@moopli - I agree that we need to move the conversation forward, and realise that some of what I’m about to say has been discussed before, but I’m hoping that I can clarify a few points which should make further decisions easier. I’ll try and discuss new stuff at the end of the post/next post.
I largely agree with the summary in the OP. We’ve discussed before whether we should calculate population from compounds or vice versa, I’m in favour of the reverse because it allows us to represent over- or under-nourished populations, but as per the post above, do we really need (and can we use) that much detail? The only obvious use is as a measure of fitness - if all (or the average) individuals are under their blueprint weight, then its species is struggling. We have alternative ways of measuring fitness though, such as birth/death rate. It could also help models forms of predation which aren’t absolute (a kills b, eats b, b’s population goes down by x per y population of a), such as parasitism (a feeds on b, b’s average weight goes down by x% per y population of a), though again, averaged over a large enough population there’s not much difference between the approaches.
Regarding patch shape, I discussed this on slack some time ago. Having regularly shaped (square or hexagonal grid) patches simplifies some things, but both misrepresents the actual shape of biomes*, and is a waste of resources where some biomes are large and uniform, and others much smaller (forcing a high resolution). What we’ll most likely use is an irregularly shaped map, with each patch representing a subregion of a biome (i.e.: each patch is uniform, each biome may contain many patches).

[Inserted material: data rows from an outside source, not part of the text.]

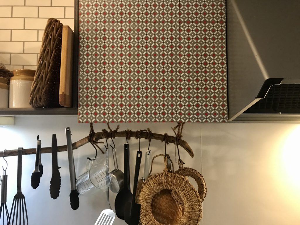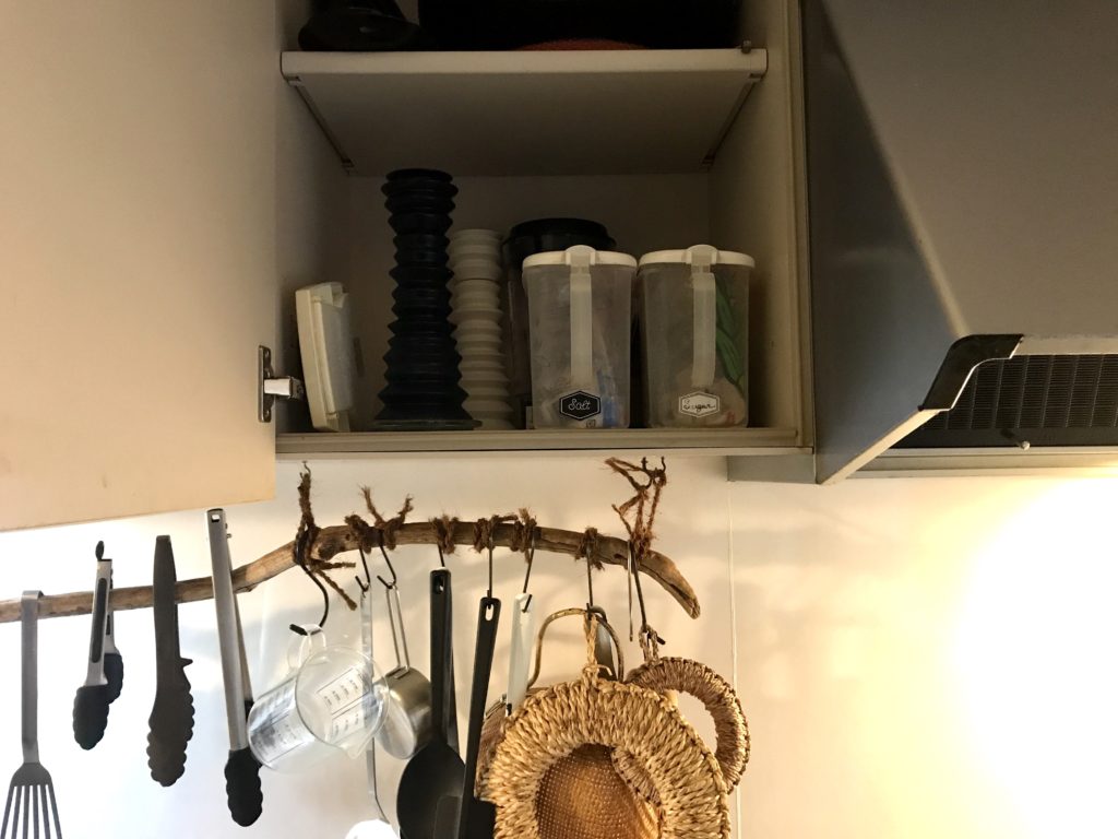 何度も見てきた光景ですが、キッチンツールはシンク上の流木に吊り下げてます。
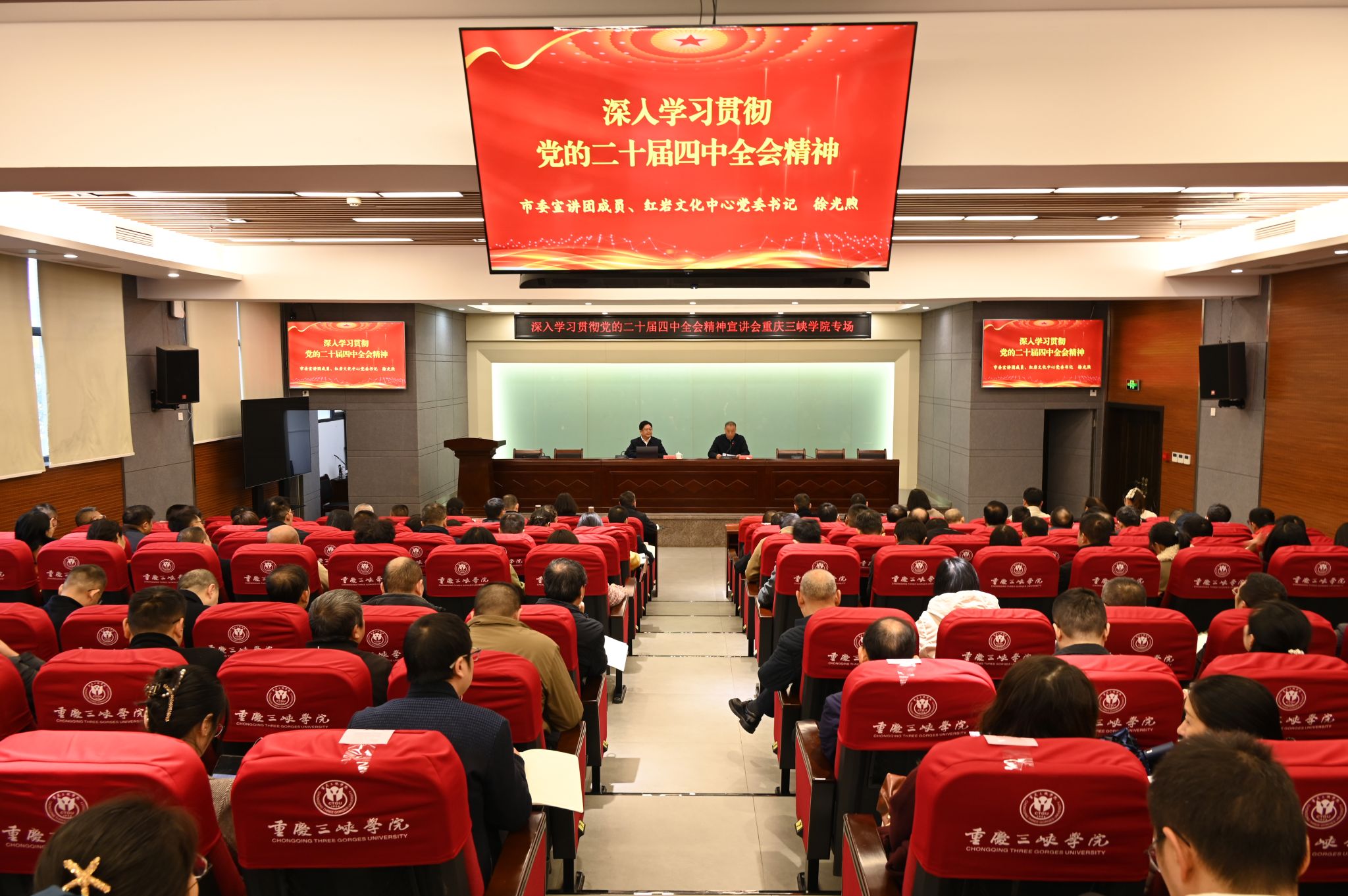 11月18日,beat365官网举行党的二十届四中全会精神宣讲会,特邀重庆市委宣讲团成员、重庆红岩革命历史文化中心党委书记、重庆红岩干部学院院长徐光煦作专题宣讲报告。校党委书记许光洪主持报告会并作总结讲话。全体校领导,党委委员、纪委委员,科级及以上实职干部参加学习。
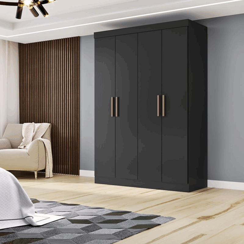 COMEDOR RUSTICO RECTANGULAR BASE LISA PATA REDONDA COLOR NEGRO+ 4 SILLAS TAPIZ GRIS FELPA
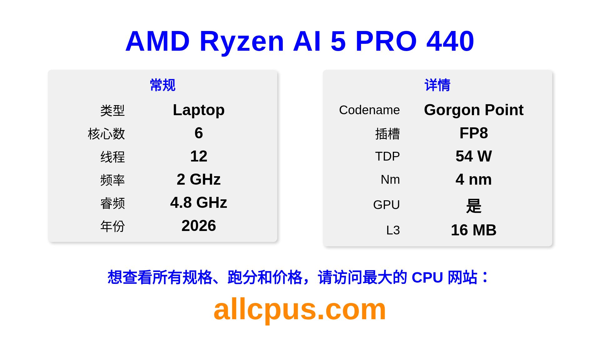 AMD Ryzen AI 5 PRO 440 是 AMD Ryzen PRO 系列的 笔记本处理器,基于 Gorgon Point 架构,于 2026 发布。 这款 CPU 拥有 6 核心,基础频率为 2000 MHz,最高加速频率为 4800 MHz,L3 缓存为 16 MB。 使用 4 nm 工艺制造。AMD Ryzen AI 5 PRO 440 设计用于 FP8 插槽。支持超频。 包括集成的 AMD Radeon 840M 显卡。
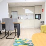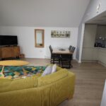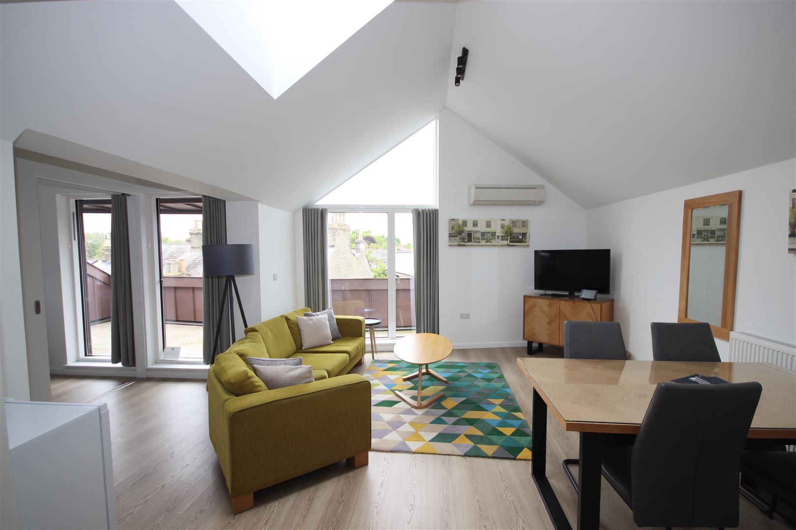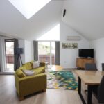 Bright living room with vaulted ceiling and fully fitted kitchen area with electric hob, oven/microwave, fridge, washer-drier and dishwasher,
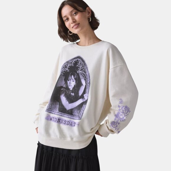 URBAN OUTFITTERS WEDNESDAY ADDAMS GRAPHIC CREW NECK PULLOVER SWEATSHIRT NWT SIZE XL
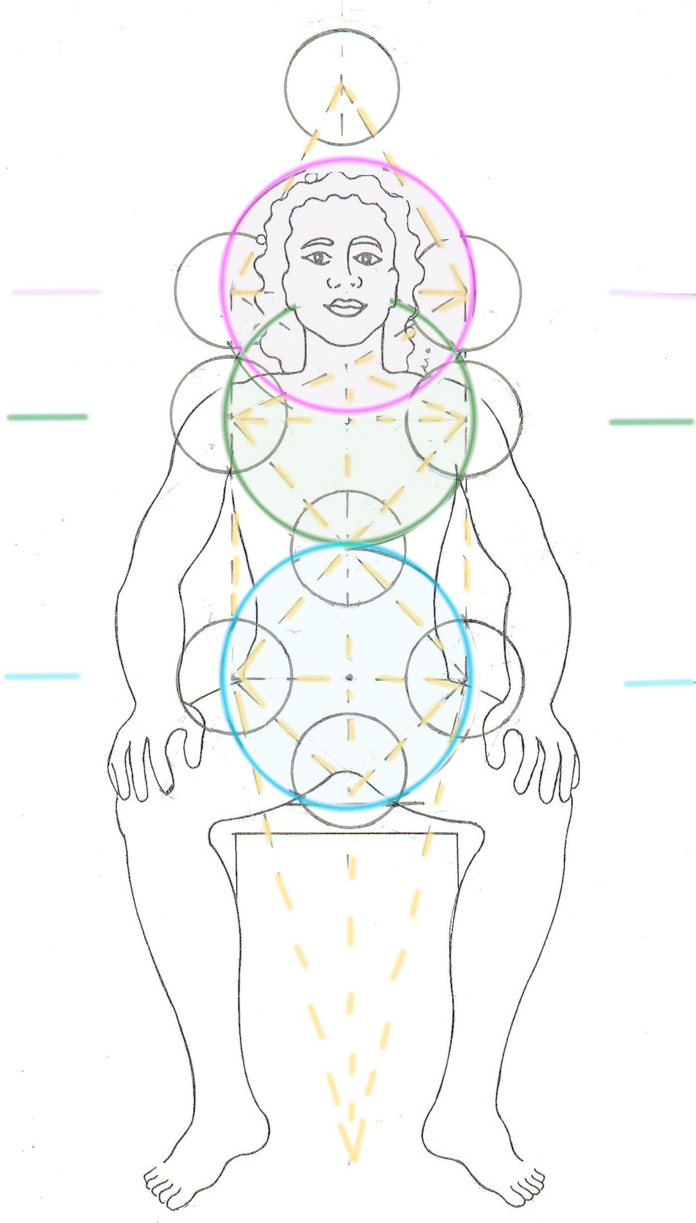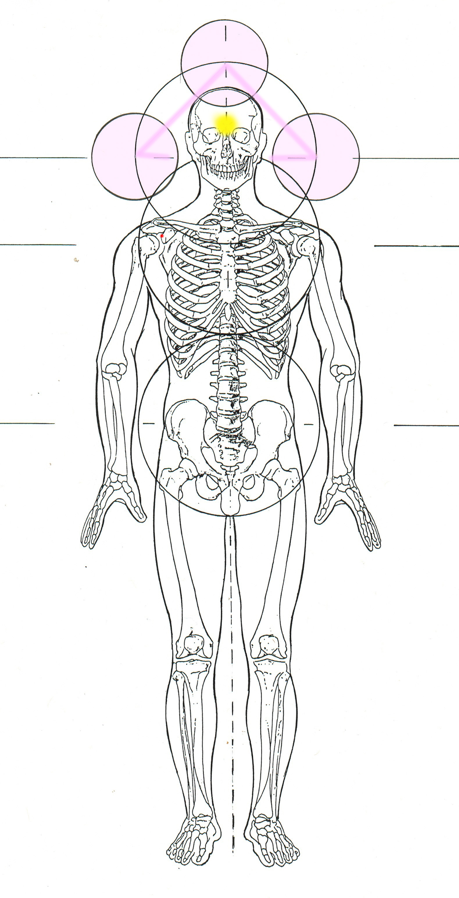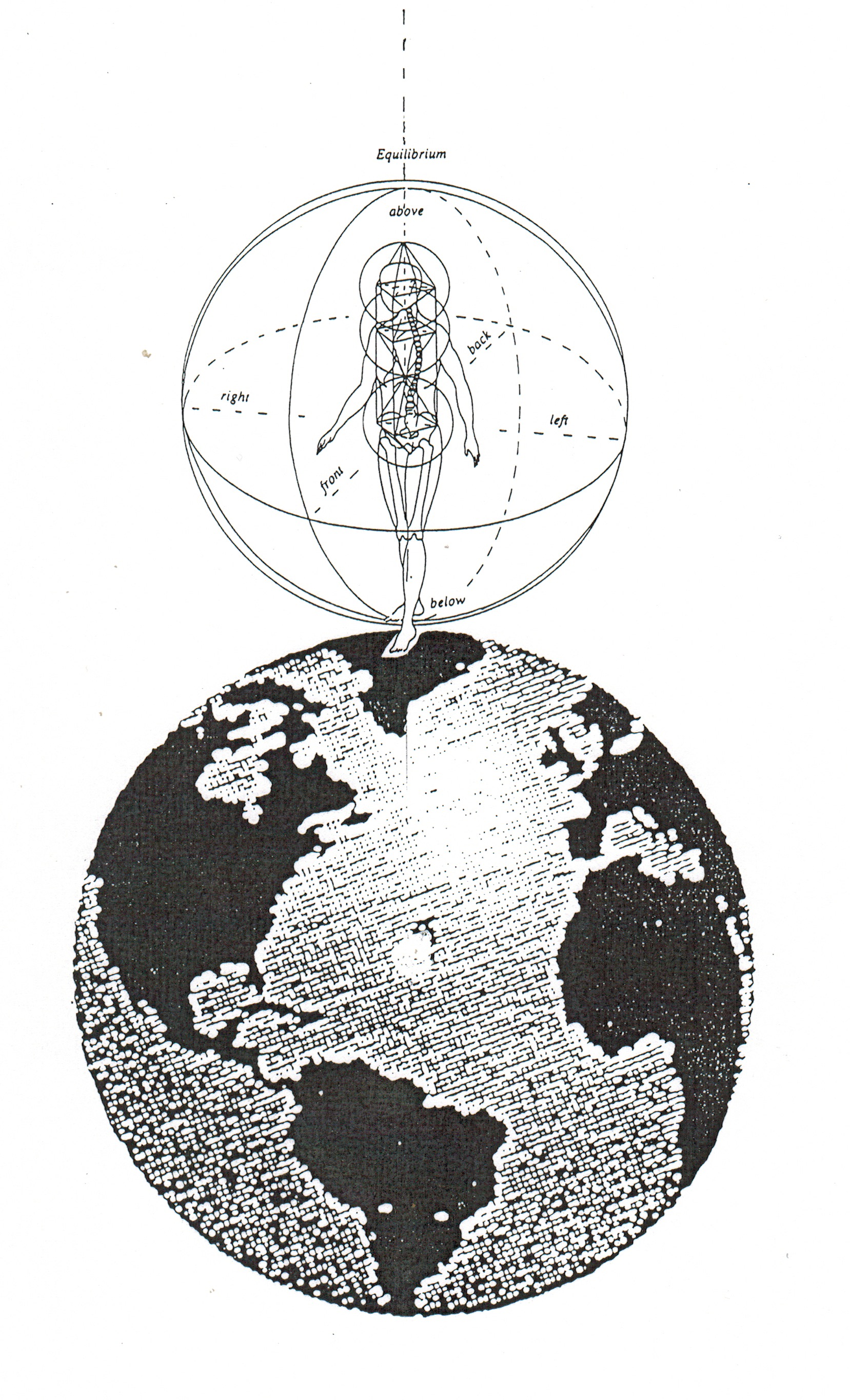 THREE DIMENSIONAL MAP OF BALANCE (1)The Centers relating to the head, heart and foundation depicted as spherical formation, expressing clearly the three-dimensional equality existing between above and below, right and left, front and back directions of space.

A rough algorithm for this is to use a particle swarm, with each particle avoiding others, and more strongly avoiding biome boundaries, and then using voronoi to create a patch around each particle. e.g.: http://www.wblut.com/blog/wp-content/2008/04/voronoi-2696.png (note that this image appears to be a nested voronoi, which is cool, and gives me all sorts of other ideas, but what I’m suggesting here is just a plain voronoi). This doesn’t work great for the oases in the desert scenario (as oases are small, discrete biomes, we’d need a patch for each one, which is ok, but the voronoi structure of the desert around it would be wasteful), which can be solved either by tweaking the patch generation algorithm, or by handling intra-patch variation (will get onto this later).
- clarification: the game won’t have defined biomes, I use biome as a shorthand for a contiguous area with a relatively uniform set of environmental conditions.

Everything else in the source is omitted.